Etude #2

James Zheng

Phase One

Trial 1 – Centroid, Flux, RMS, MFCC (20 coefs, 10 filters) # of data points: 1000 dimensions: 23
fold 0 accuracy: 0.4897
fold 1 accuracy: 0.4260
fold 2 accuracy: 0.4201
fold 3 accuracy: 0.3985
fold 4 accuracy: 0.4515

Trial 2 – Centroid, Flux, RMS, MFCC (20 coefs, 10 filters), RollOff, ZeroX, Chroma, Kurtosis # of data points: 1000 dimensions: 38
fold 0 accuracy: 0.0882
fold 1 accuracy: 0.0980
fold 2 accuracy: 0.1225
fold 3 accuracy: 0.0833
fold 4 accuracy: 0.0686

Trial 3 – Centroid, Flux # of data points: 1000 dimensions: 2
fold 0 accuracy: 0.2260
fold 1 accuracy: 0.2157
fold 2 accuracy: 0.2025
fold 3 accuracy: 0.2176
fold 4 accuracy: 0.2147

Trial 4 – Centroid # of data points: 1000 dimensions: 1
fold 0 accuracy: 0.1775
fold 1 accuracy: 0.1814
fold 2 accuracy: 0.1618
fold 3 accuracy: 0.1848
fold 4 accuracy: 0.1858

Trial 5 – Centroid, Flux, RMS, MFCC (30 coefs, 15 filters), Chroma # of data points: 1000 dimensions: 45
fold 0 accuracy: 0.4382
fold 1 accuracy: 0.4466
fold 2 accuracy: 0.4691
fold 3 accuracy: 0.4559
fold 4 accuracy: 0.4515

The best performing on average seems to be trial 5 with an accuracy of ~0.45, followed by trial 1. Typically, the higher the number of dimensions, the better the performance (except for trial 2, which had the worst performance ~0.1 accuracy despite having the second most parameters). From Trial 2, we see that adding more layers doesn’t always mean better performance, and in fact drastically affected the accuracy in a negative way. It is interesting to see that even with just Centroid in trial 4, the accuracy of ~0.17 is already higher than the baseline of 0.1. For phase 3, I plan on trying out more combinations of MFCC’s parameters such as number of coefficients and filters, as well as combining Trial 1’s layers with a smaller subset of the layers added to Trial 2.

Phase Two

In my exploration, I extracted features from the Mii channel theme and the Kahoot waiting room theme. I remember having seen a remix of the two in the past, and was interested in seeing what kind of "remix" I could create through an audio mosaic. I tested out various parameters including number of MFCC coefficients, FFT size, hop size, number of frames to aggregate before averaging, the value of k for KNN, and number of voices.
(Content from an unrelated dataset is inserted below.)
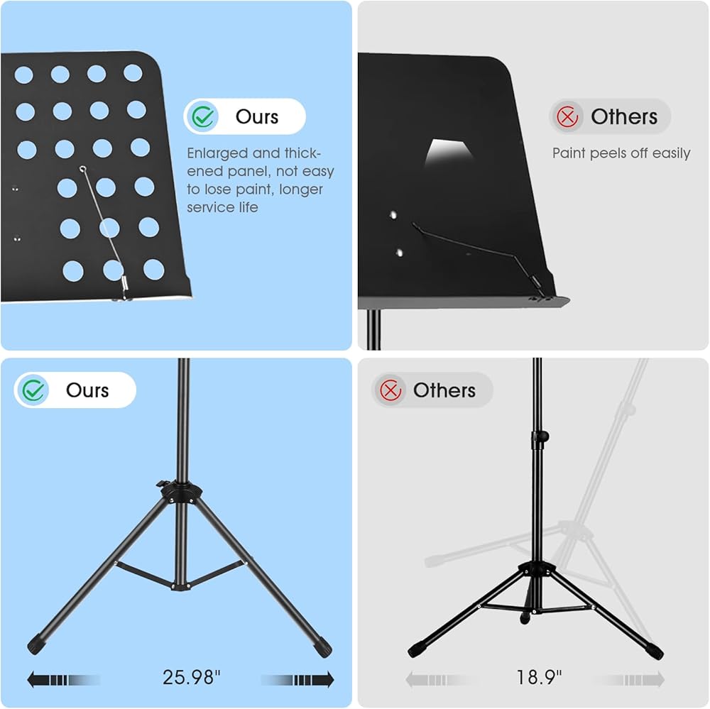 【محمول وقابل للطي】سريع التجميع وسهل التخزين مع حقيبة حمل، مما يجعله مناسبًا للسفر والمدرسة والفرقة والاستخدام المنزلي. مثالي للأوركسترا والجوقات وفرق الكنيسة والفصول الدراسية والتمارين المنزلية.

Here is the result. In the demo, you will notice that the Mii channel music plays when there is voice input, with the pitch of the tones relatively matching the pitch of the input. When I start adding percussive sounds (clapping), you will hear the Kahoot theme start playing. When I have both, we hear both themes playing as the sound amplifies.

Demo
Code

Phase Three

Below, you will find a new and improved version of musical genre classification (this is subjective). I constructed an audio mosaic of various anime trap remixes (credit to Musicality). This mosaic is used to output sound based on the input of songs from a collection of genres. Try to see if you can guess the genres before the answer is revealed!

Demo
Code

This project involved a lot of thought and creativity, and I enjoyed the entire process of curating the right collection of sounds, tuning for a good set of parameters, and developing the final artist statement through combining both audio and visual elements. One challenge that I experienced was the first step of this process. I realized that many of the input songs were mapping to the same output sound, simply due to the fact that it was the only song in the audio mosaic with strings/was more mellow. When I removed these from the mosaic, the resulting sounds were more diverse and satisfying. Through this kind of testing and playing around with the audio mosaic, I found myself discovering new patterns and connections in the varying genres based on which output sound they mapped to.

The creative development process of this assignment was also a nonlinear one. Initially, I wanted to construct something where I would pairs of songs that mixed well together, and then have a relevant pair play based on input sounds. I quickly realized that it would be extremely difficult to get the "mixing" to work and sound good, so I decided to embrace what the audio mosaic offered and not try to make something that was unnatural. This led me to find sounds that sound good together even if not everything was perfectly lined up. This allowed me to spend more time on creative elements of my project rather than trying to figure out how to technically "mix" two songs perfectly for the audio mosaic.

Overall, I think that applying an audio mosaic to genre classification showcases its purpose quite well. Depending on the genre of music playing, there are clearly differences in which sounds get outputted. As potential future exploration, it would be interesting to see what gets outputted if the system is given non-musical soundds, such as speech or more percussive sounds.